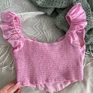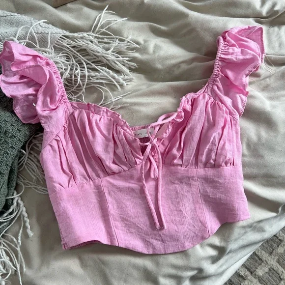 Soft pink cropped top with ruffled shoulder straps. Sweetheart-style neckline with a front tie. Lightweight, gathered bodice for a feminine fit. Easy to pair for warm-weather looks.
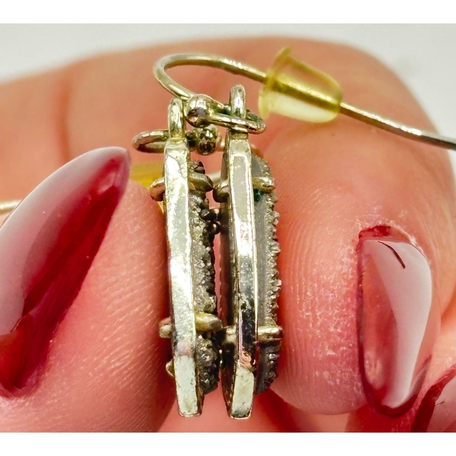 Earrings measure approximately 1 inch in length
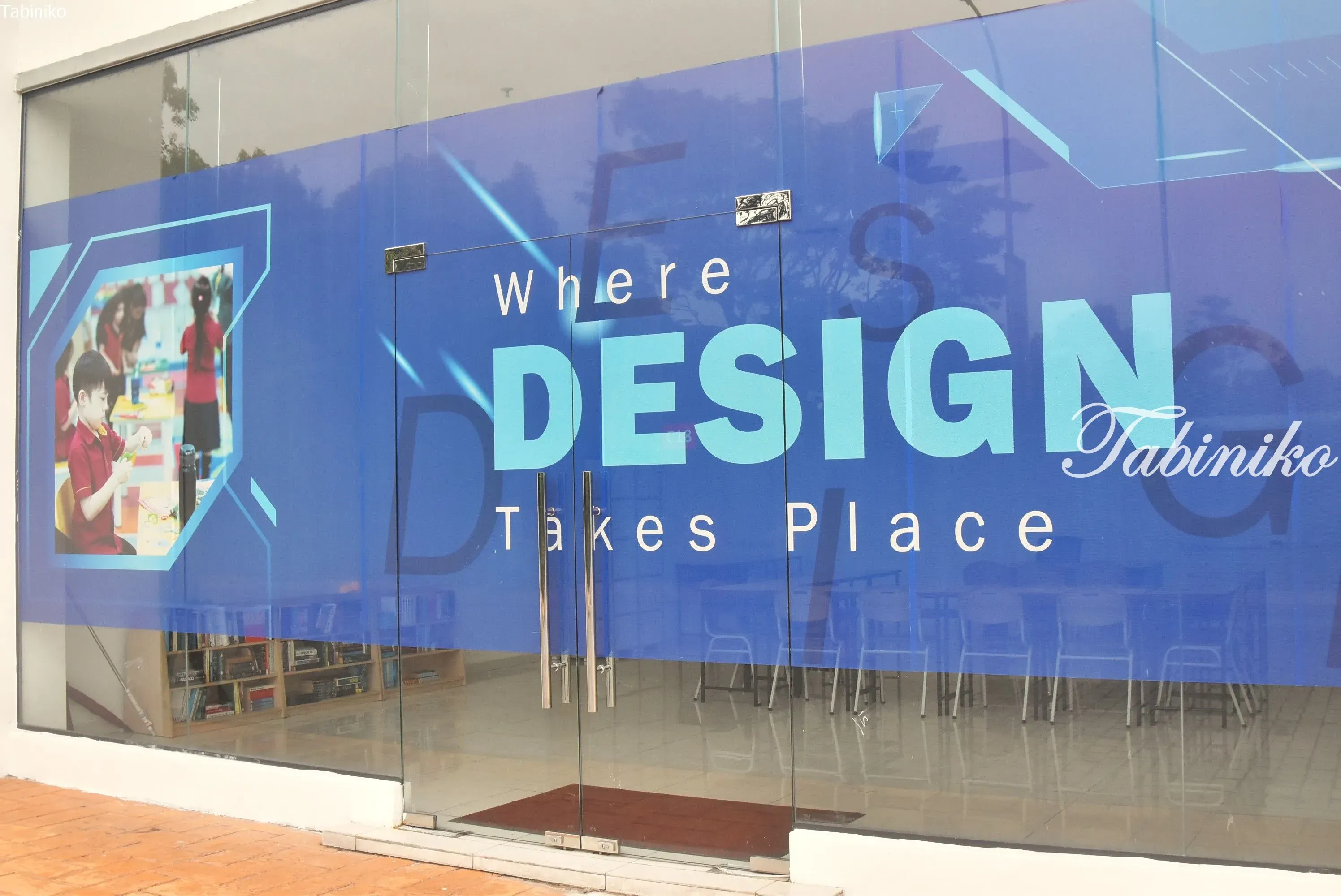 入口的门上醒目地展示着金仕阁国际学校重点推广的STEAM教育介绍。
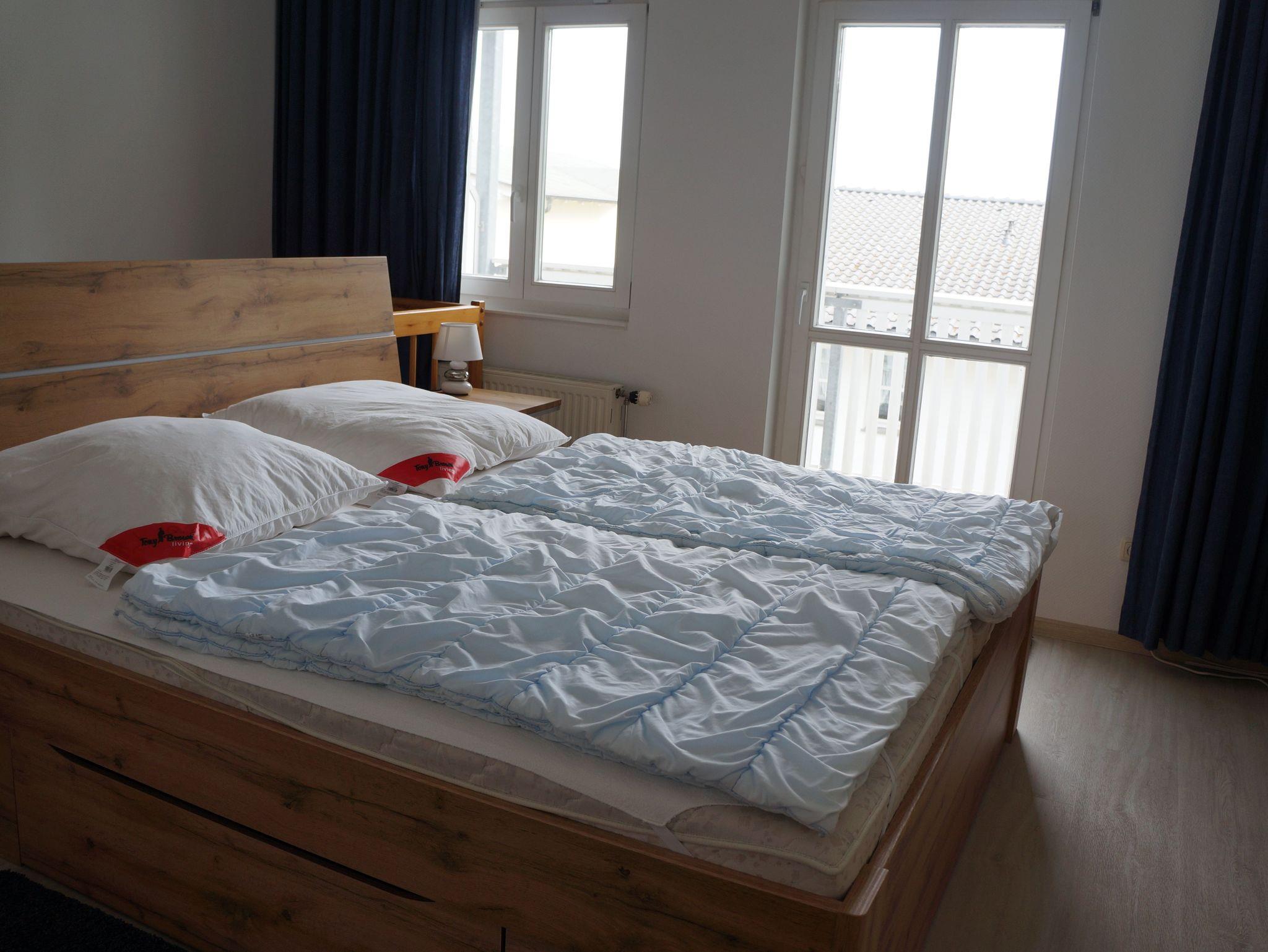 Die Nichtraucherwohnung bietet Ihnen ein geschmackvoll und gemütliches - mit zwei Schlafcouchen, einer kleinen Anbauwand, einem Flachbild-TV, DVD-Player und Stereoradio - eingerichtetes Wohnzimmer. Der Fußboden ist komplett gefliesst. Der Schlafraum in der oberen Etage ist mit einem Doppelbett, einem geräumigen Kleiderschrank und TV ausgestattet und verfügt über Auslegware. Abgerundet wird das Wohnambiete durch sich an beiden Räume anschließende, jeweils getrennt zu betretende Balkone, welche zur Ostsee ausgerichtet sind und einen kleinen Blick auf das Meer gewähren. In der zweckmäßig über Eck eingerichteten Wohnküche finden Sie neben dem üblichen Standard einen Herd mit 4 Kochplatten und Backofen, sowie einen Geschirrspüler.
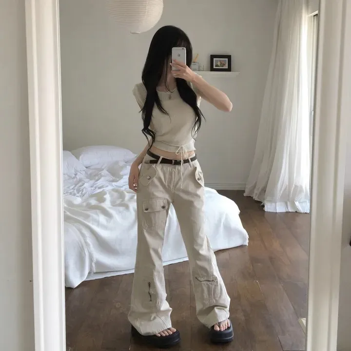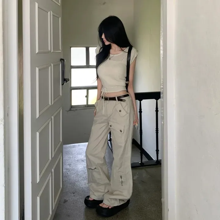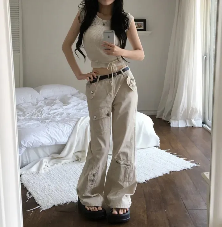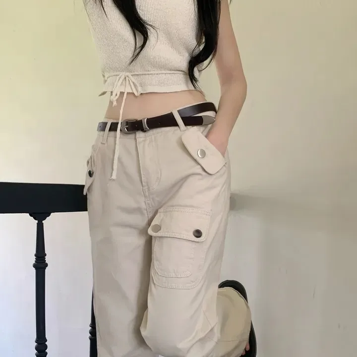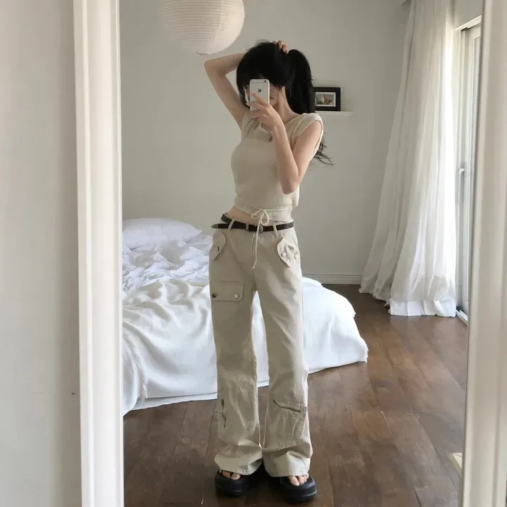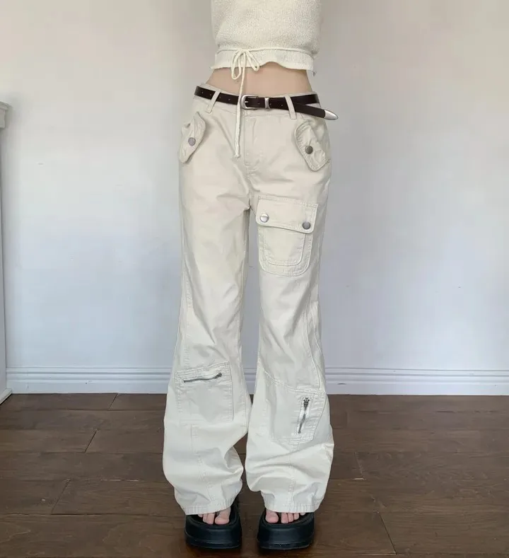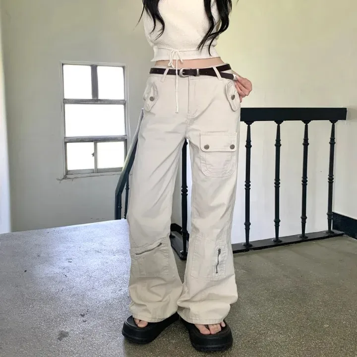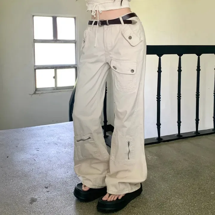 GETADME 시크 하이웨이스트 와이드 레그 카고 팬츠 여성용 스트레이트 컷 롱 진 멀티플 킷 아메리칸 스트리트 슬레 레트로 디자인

--

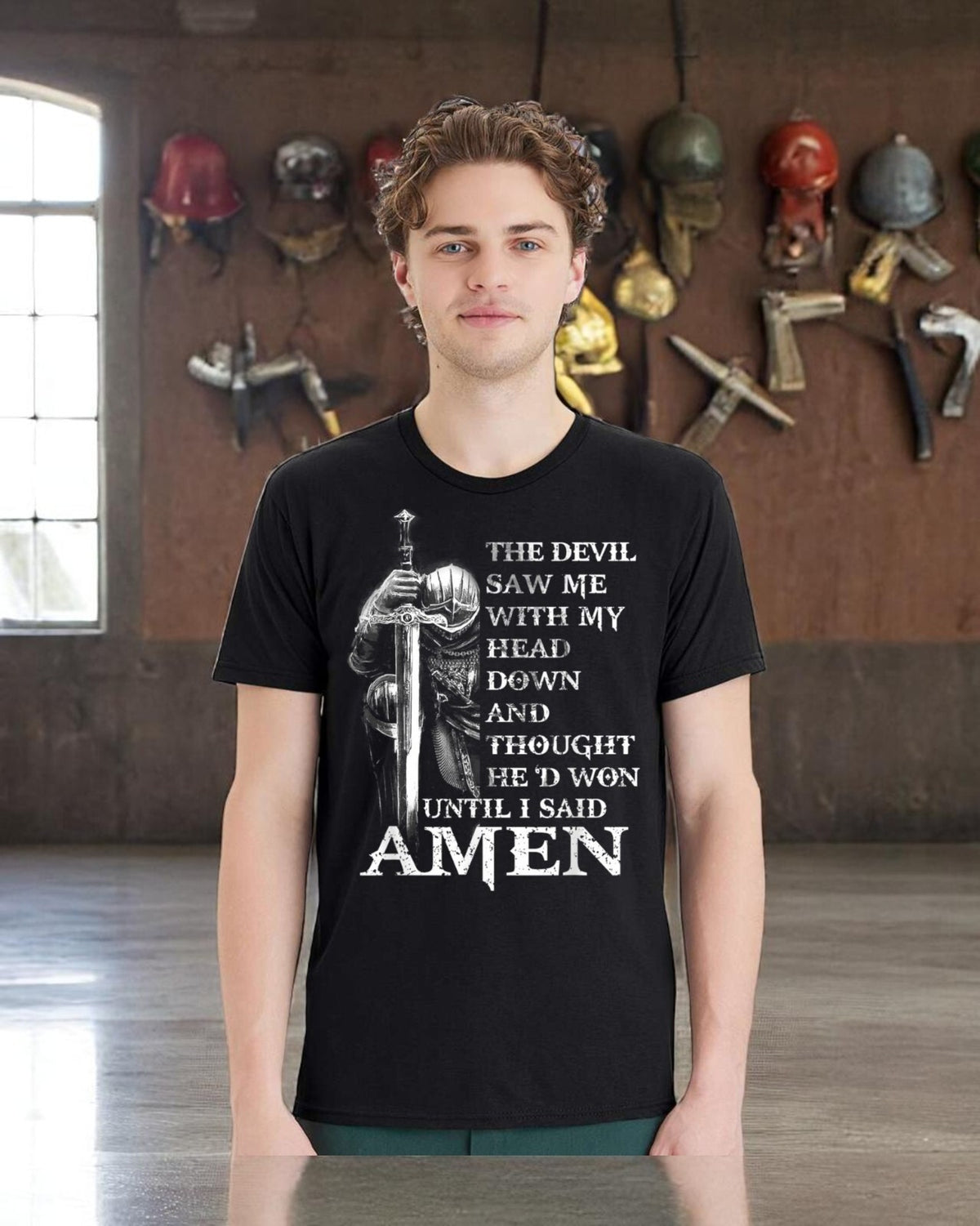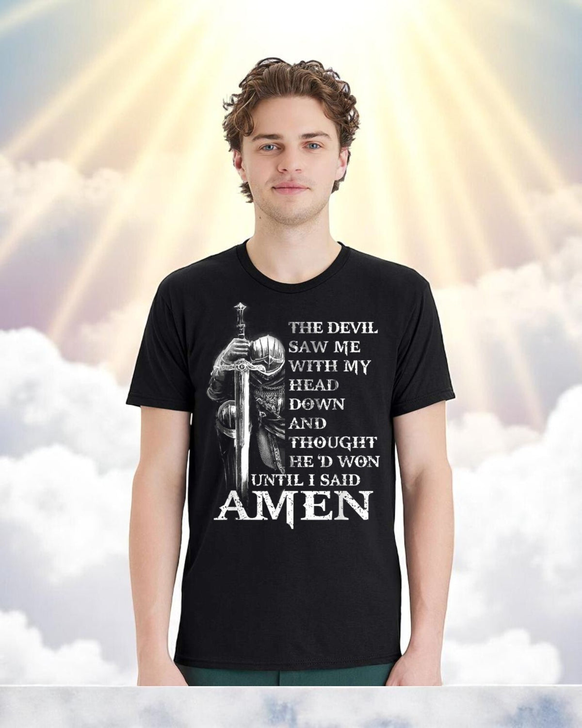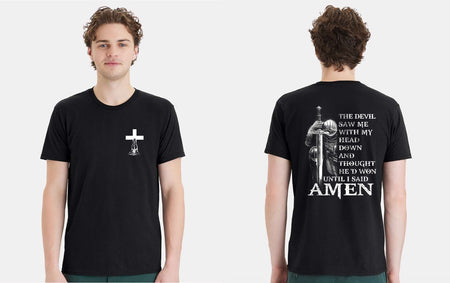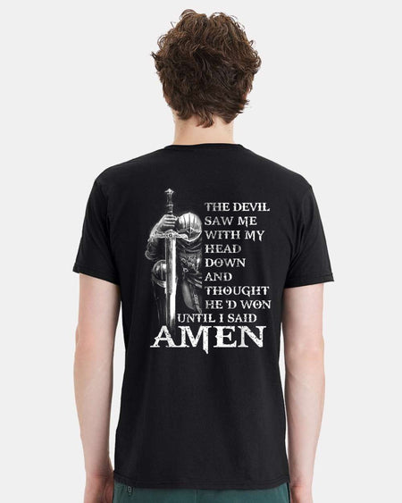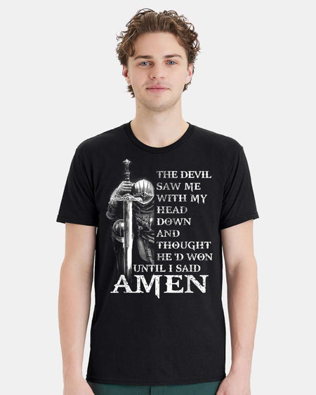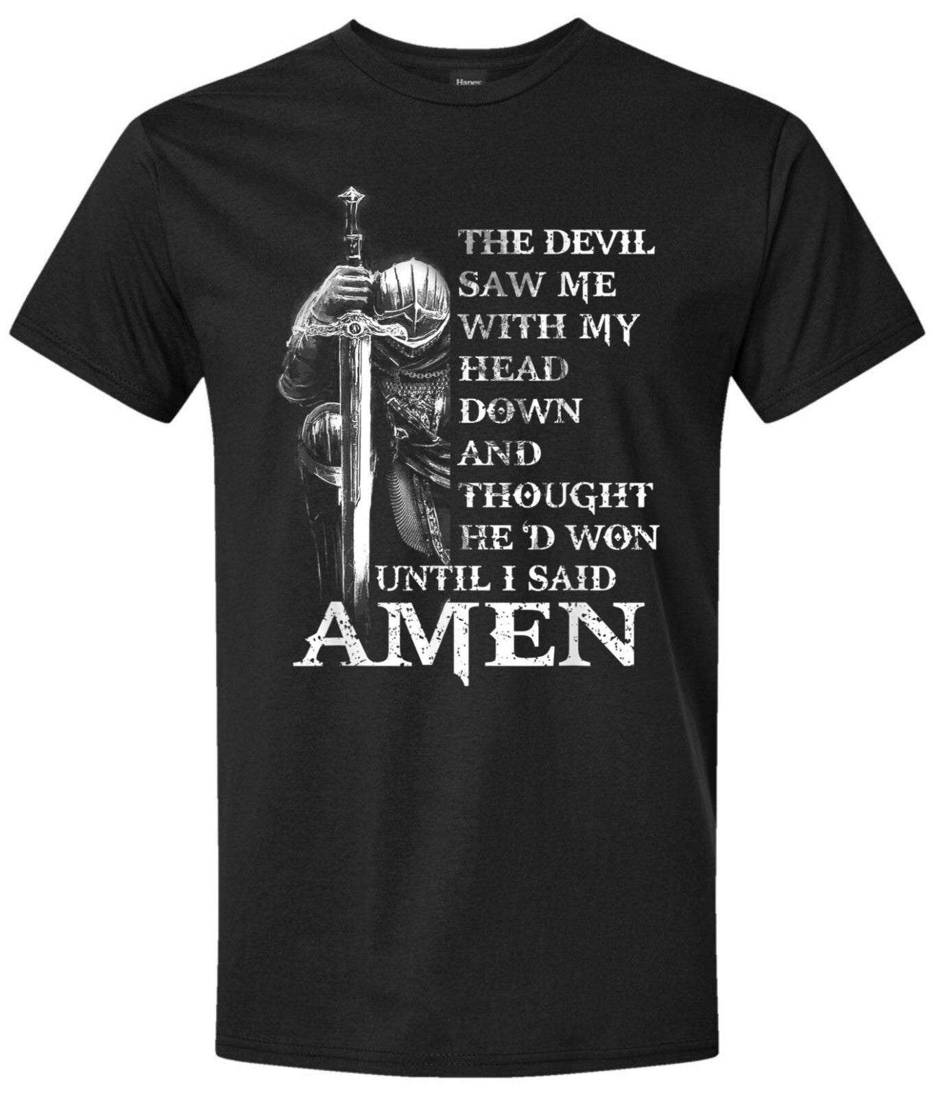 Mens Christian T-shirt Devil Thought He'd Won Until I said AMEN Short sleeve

--

Directions for this task: Go back to the lines above and output, exactly as they stand, the ones from the line containing "Soft pink cropped" to the line containing "GETADME 시크 하이웨이스트". Leave all pictures behind.

Exercise answer:
 Soft pink cropped top with ruffled shoulder straps. Sweetheart-style neckline with a front tie. Lightweight, gathered bodice for a feminine fit. Easy to pair for warm-weather looks.
 Earrings measure approximately 1 inch in length
 入口的门上醒目地展示着金仕阁国际学校重点推广的STEAM教育介绍。
 Die Nichtraucherwohnung bietet Ihnen ein geschmackvoll und gemütliches - mit zwei Schlafcouchen, einer kleinen Anbauwand, einem Flachbild-TV, DVD-Player und Stereoradio - eingerichtetes Wohnzimmer. Der Fußboden ist komplett gefliesst. Der Schlafraum in der oberen Etage ist mit einem Doppelbett, einem geräumigen Kleiderschrank und TV ausgestattet und verfügt über Auslegware. Abgerundet wird das Wohnambiete durch sich an beiden Räume anschließende, jeweils getrennt zu betretende Balkone, welche zur Ostsee ausgerichtet sind und einen kleinen Blick auf das Meer gewähren. In der zweckmäßig über Eck eingerichteten Wohnküche finden Sie neben dem üblichen Standard einen Herd mit 4 Kochplatten und Backofen, sowie einen Geschirrspüler.
 GETADME 시크 하이웨이스트 와이드 레그 카고 팬츠 여성용 스트레이트 컷 롱 진 멀티플 킷 아메리칸 스트리트 슬레 레트로 디자인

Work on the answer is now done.